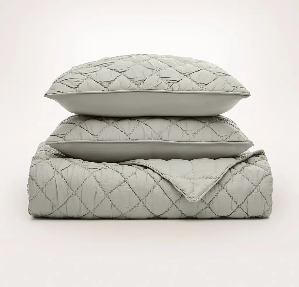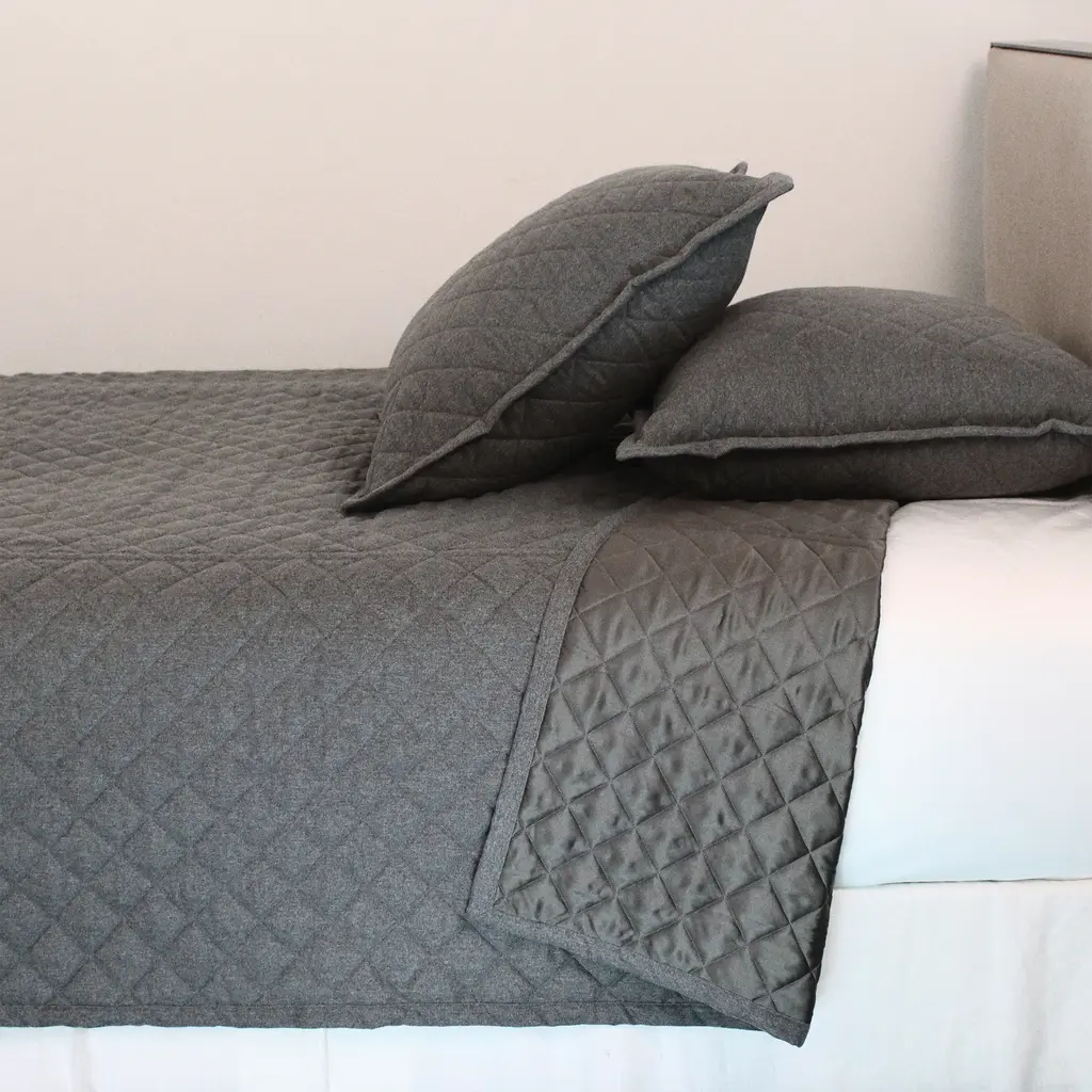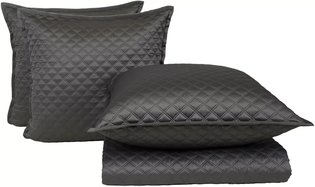 Our Flannel coverlet ensemble is casual, cool and trendy. Soft grey fabric offers a versatile look that will work well in your modern bedroom. The queen set includes one coverlet and two euro shams while the king set includes one coverlet and three euro shams. Crafted with 100% polyester. Care instructions: machine wash only.
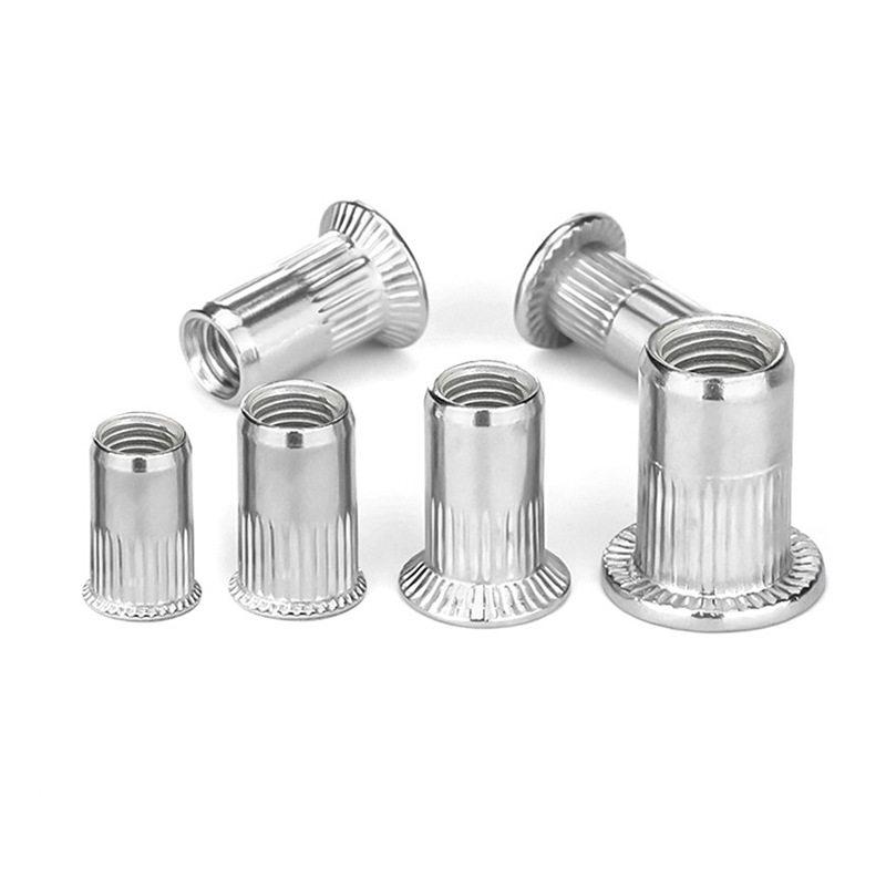 304ステンレスプルリベットナット平頭縦紋ロール花インチリベットナット通孔引き母引きM3-M12
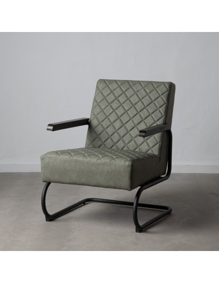 Sillón verde metal y símil piel con toque vintage que será, sin duda, una pieza clave en la decoración de tu hogar.
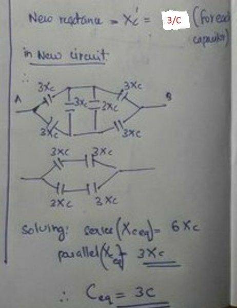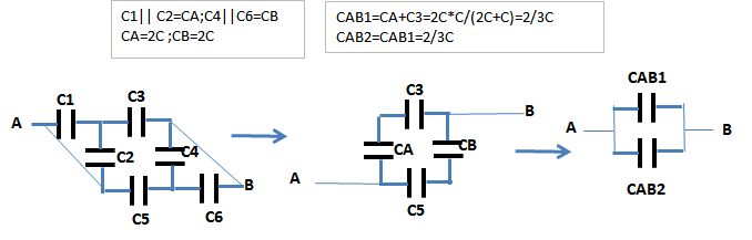 - There is a claim that the equivalent capacitance could be (2/3) * C, but this is met with skepticism and requests for clarification.
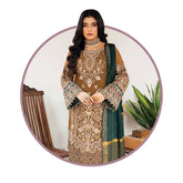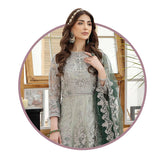 Embroidered Chiffon Front Plain Chiffon Back Embroidered Chiffon Sleeves Embroidered Chiffon Dupatta Embroidered Organza Border for Front Embroidered Organza Border for Sleeves Embroidered Organza Border for Back Embroidered Organza Border for Trouser- $ 53.54
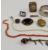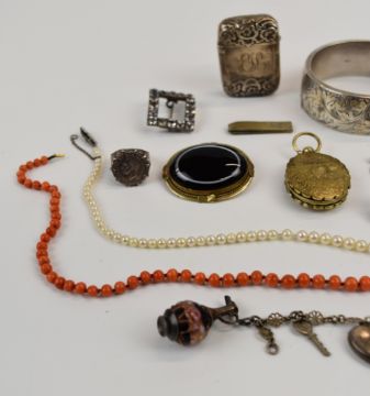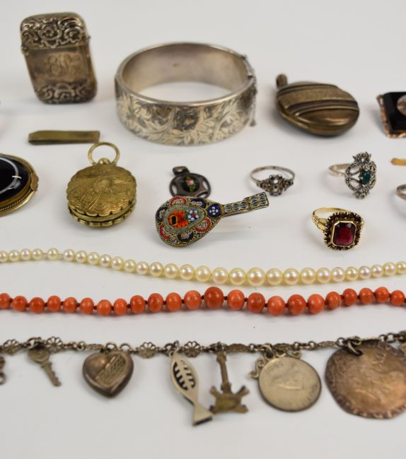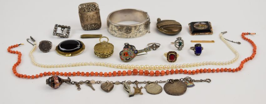 A 10k gold ring set with paste (size P, 3.4g), a 9ct gold brooch (1g), silver bangle, four silver rings, Charles Horner pendant, Victorian silver locket, coral necklace with 9ct gold clasp, foiled paste brooch, two micro mosaic brooches, silver vesta, pearl necklace, silver charm bracelet, etc
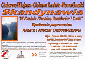 W ramach projektu „Ciekawe miejsca – Ciekawi ludzie – Nowe smaki” czyli cykl spotkań z podróżnikami Miejska i Powiatowa Biblioteka Publiczna w Łęczycy zaprasza na spotkanie "W krainie fiordów, reniferów i trolli", na którym Renata i Andrzej Tratkiewiczowie, zabiorą słuchaczy do najciekawszych miejsc Skandynawii. Spotkanie odbędzie się 18 kwietnia 2013 r. o godzinie 17.00.
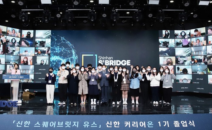‘신한 커리어온(Career On)’ 1기 졸업식은 ‘신한 커리어온을 기억해’를 주제로 신한은행 진옥동 은행장의 축사, 1기 수료생 소감발표, 우수 교육생 및 스타트업 시상 등 교육 과정을 성공적 수료한 교육생들을 축하하고 앞으로의 행보를 응원하는 순서로 진행됐다.
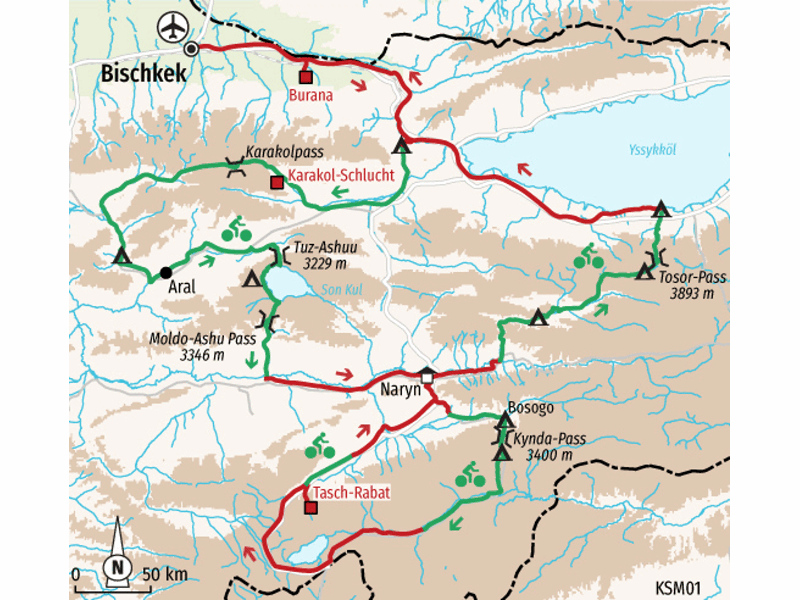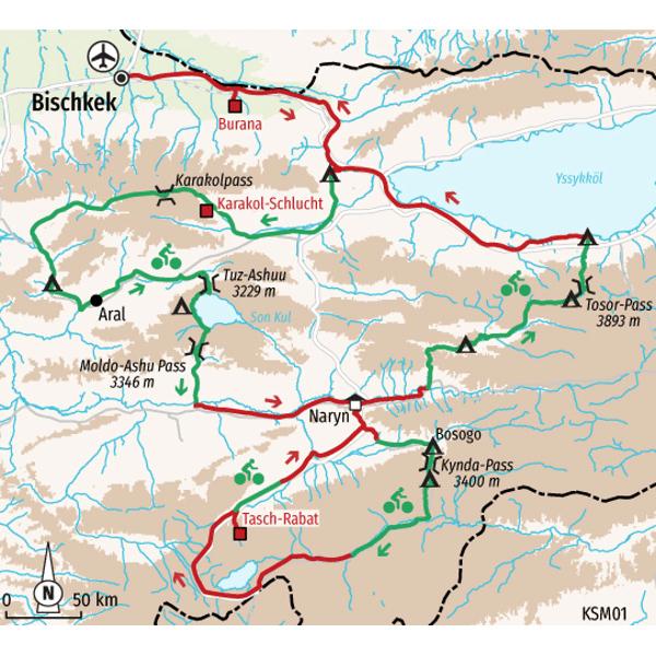 Heute radeln wir in Serpentinen und in mäßigem Anstieg über den Moldo-Ashu Pass (3346 m) und haben bei Schönwetter die Gelegenheit für lohnende Fotostopps. Ein schöner Ausgleich zum kalten Wind, der uns hier meist ins Gesicht bläst. Es geht durch eine offene, von Bergen eingerahmte Graslandschaft bergauf. Vom Pass aus bieten sich tolle Ausblicke auf das vor uns liegende Tal. Dort führen graue, von Nadelbäumen bewachsene Felsen Regie. Die Piste windet sich in vielen Serpentinen den Berg hinab, das Tal weitet sich, die Vegetation wird deutlich karger. Die Berge werden flacher und welliger, zum Grau gesellen sich Rot- und Brauntöne. Nach dem Mittagessen steigen wir ins Auto um und fahren auf einer asphaltierten Straße nach Naryn an der alten Seidenstraße. Das Naryn-Tal ist eine weite, grüne Ebene, durchflossen vom Fluss Naryn und umrahmt von fast weißen, von Erosion geformten Bergen. Die Stadt liegt zu beiden Seiten des gleichnamigen Flusses, der in einer malerischen Schlucht durch den Ort fließt. Auf ca. 2050 m ist Naryn als die kälteste Stadt Kirgistans bekannt. Nach dem Check-In im Hotel bleibt noch ein wenig Zeit zum Ausruhen, bis wir in einem lokalen Gasthaus unser Abendessen einnehmen.

TASK OBJECTIVE:
The entries above are to be repeated in full, except for their pictures.

WRITTEN ANSWER:
 Our Flannel coverlet ensemble is casual, cool and trendy. Soft grey fabric offers a versatile look that will work well in your modern bedroom. The queen set includes one coverlet and two euro shams while the king set includes one coverlet and three euro shams. Crafted with 100% polyester. Care instructions: machine wash only.
 304ステンレスプルリベットナット平頭縦紋ロール花インチリベットナット通孔引き母引きM3-M12
 Sillón verde metal y símil piel con toque vintage que será, sin duda, una pieza clave en la decoración de tu hogar.
 - There is a claim that the equivalent capacitance could be (2/3) * C, but this is met with skepticism and requests for clarification.
 Embroidered Chiffon Front Plain Chiffon Back Embroidered Chiffon Sleeves Embroidered Chiffon Dupatta Embroidered Organza Border for Front Embroidered Organza Border for Sleeves Embroidered Organza Border for Back Embroidered Organza Border for Trouser- $ 53.54
 A 10k gold ring set with paste (size P, 3.4g), a 9ct gold brooch (1g), silver bangle, four silver rings, Charles Horner pendant, Victorian silver locket, coral necklace with 9ct gold clasp, foiled paste brooch, two micro mosaic brooches, silver vesta, pearl necklace, silver charm bracelet, etc
 W ramach projektu „Ciekawe miejsca – Ciekawi ludzie – Nowe smaki” czyli cykl spotkań z podróżnikami Miejska i Powiatowa Biblioteka Publiczna w Łęczycy zaprasza na spotkanie "W krainie fiordów, reniferów i trolli", na którym Renata i Andrzej Tratkiewiczowie, zabiorą słuchaczy do najciekawszych miejsc Skandynawii. Spotkanie odbędzie się 18 kwietnia 2013 r. o godzinie 17.00.
‘신한 커리어온(Career On)’ 1기 졸업식은 ‘신한 커리어온을 기억해’를 주제로 신한은행 진옥동 은행장의 축사, 1기 수료생 소감발표, 우수 교육생 및 스타트업 시상 등 교육 과정을 성공적 수료한 교육생들을 축하하고 앞으로의 행보를 응원하는 순서로 진행됐다.
 Heute radeln wir in Serpentinen und in mäßigem Anstieg über den Moldo-Ashu Pass (3346 m) und haben bei Schönwetter die Gelegenheit für lohnende Fotostopps. Ein schöner Ausgleich zum kalten Wind, der uns hier meist ins Gesicht bläst. Es geht durch eine offene, von Bergen eingerahmte Graslandschaft bergauf. Vom Pass aus bieten sich tolle Ausblicke auf das vor uns liegende Tal. Dort führen graue, von Nadelbäumen bewachsene Felsen Regie. Die Piste windet sich in vielen Serpentinen den Berg hinab, das Tal weitet sich, die Vegetation wird deutlich karger. Die Berge werden flacher und welliger, zum Grau gesellen sich Rot- und Brauntöne. Nach dem Mittagessen steigen wir ins Auto um und fahren auf einer asphaltierten Straße nach Naryn an der alten Seidenstraße. Das Naryn-Tal ist eine weite, grüne Ebene, durchflossen vom Fluss Naryn und umrahmt von fast weißen, von Erosion geformten Bergen. Die Stadt liegt zu beiden Seiten des gleichnamigen Flusses, der in einer malerischen Schlucht durch den Ort fließt. Auf ca. 2050 m ist Naryn als die kälteste Stadt Kirgistans bekannt. Nach dem Check-In im Hotel bleibt noch ein wenig Zeit zum Ausruhen, bis wir in einem lokalen Gasthaus unser Abendessen einnehmen.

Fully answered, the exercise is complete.